→ Work task
In the entries that follow, find the line containing "为进一步增强新生自我保护意识" and the line containing "The rear garden", then retype exactly the lines from the first through the second, pictures excluded.

(Task inputs Opens)

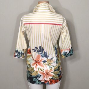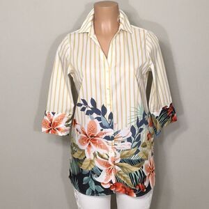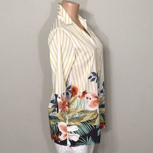 Beautiful stripes and floral tunic top. This brand runs large so a small could wear a extra small. The fabric has stretch in it so it makes it very comfortable. The fabric is nice quality.
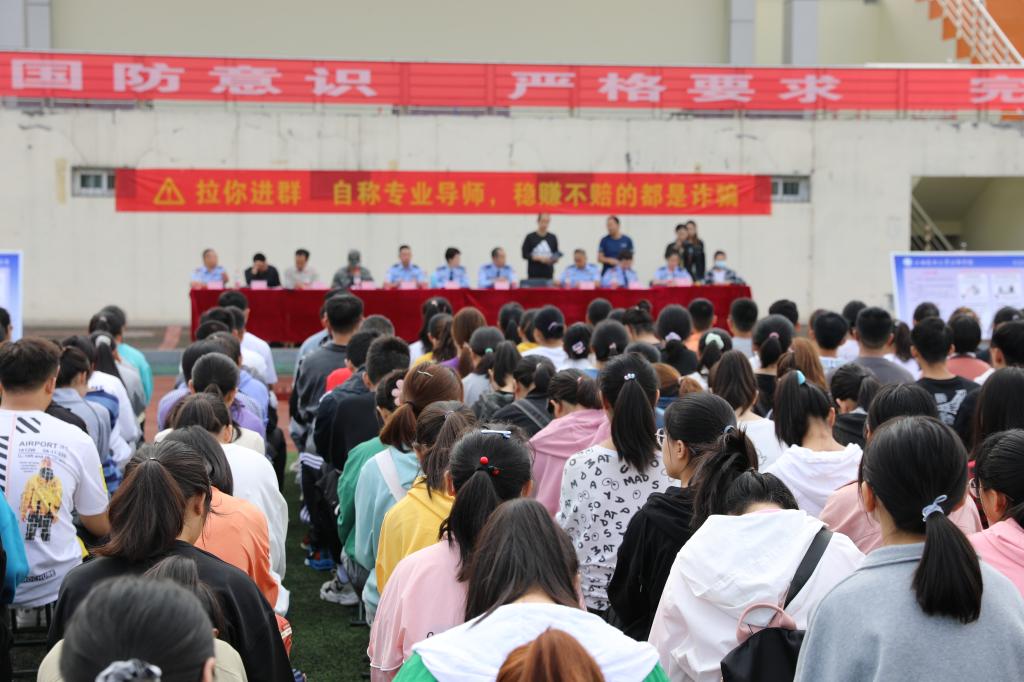 为进一步增强新生自我保护意识,提升对各类诈骗的识别能力,9月6日,新生开学伊始,学校联合汾阳市公安局在学校运动场举办校园防诈骗安全宣传活动。汾阳市公安局副局长李永生,一级警长、反诈集中攻坚辰北战区副总指挥王德生,反诈中心主任李林燕、副主任林姣,宣教科科长任一君,辰北派出所指导员王伟,辰北派出所所长李孝梁,中国人民解放军某部副营长、吕梁市民兵综合救援连连长任志刚,beat365武装部部长李玉明、学生处处长李荣江,2021级全体新生及辅导员、班主任等2500余人参加了活动。
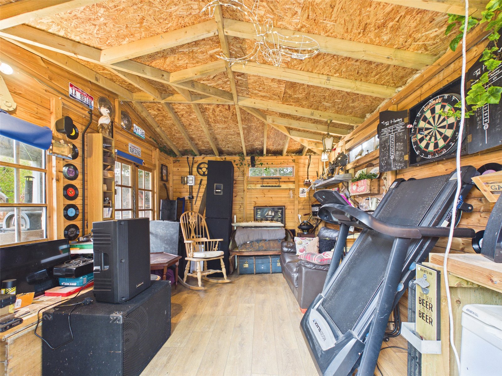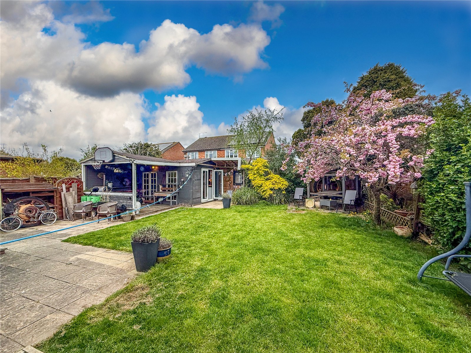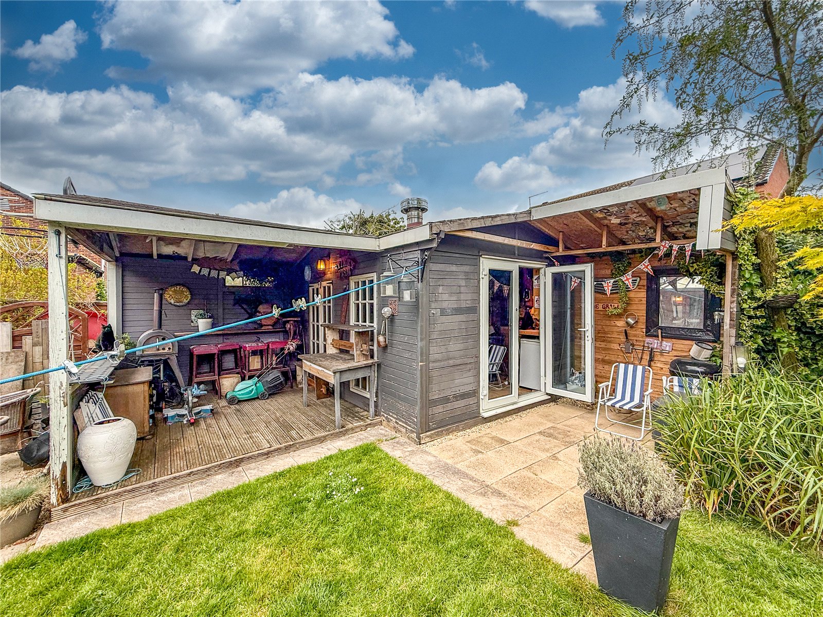 The rear garden features sections of lawn, patio and decking. There is a GARDEN CHALET at the end of the garden.
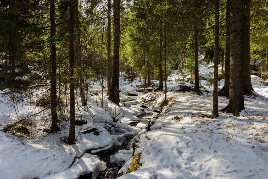 En liten bekk i Rælingsmarka, ved Bjønnåsen og Marikollen
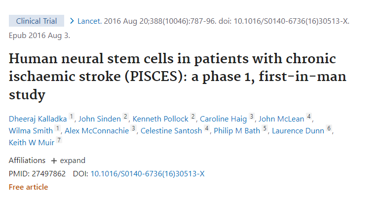 一項關于神經干細胞移植治療中風患者的為期兩年的開放標簽、單中心和劑量遞增臨床試驗(NCT01151124)已經完成。臨床數據分析表明,高達2000萬個細胞的單次腦內神經干細胞劑量不會引起不良事件,并且與神經功能改善有關。

(Task inputs Closes)

→ Task answer
 为进一步增强新生自我保护意识,提升对各类诈骗的识别能力,9月6日,新生开学伊始,学校联合汾阳市公安局在学校运动场举办校园防诈骗安全宣传活动。汾阳市公安局副局长李永生,一级警长、反诈集中攻坚辰北战区副总指挥王德生,反诈中心主任李林燕、副主任林姣,宣教科科长任一君,辰北派出所指导员王伟,辰北派出所所长李孝梁,中国人民解放军某部副营长、吕梁市民兵综合救援连连长任志刚,beat365武装部部长李玉明、学生处处长李荣江,2021级全体新生及辅导员、班主任等2500余人参加了活动。
 The rear garden features sections of lawn, patio and decking. There is a GARDEN CHALET at the end of the garden.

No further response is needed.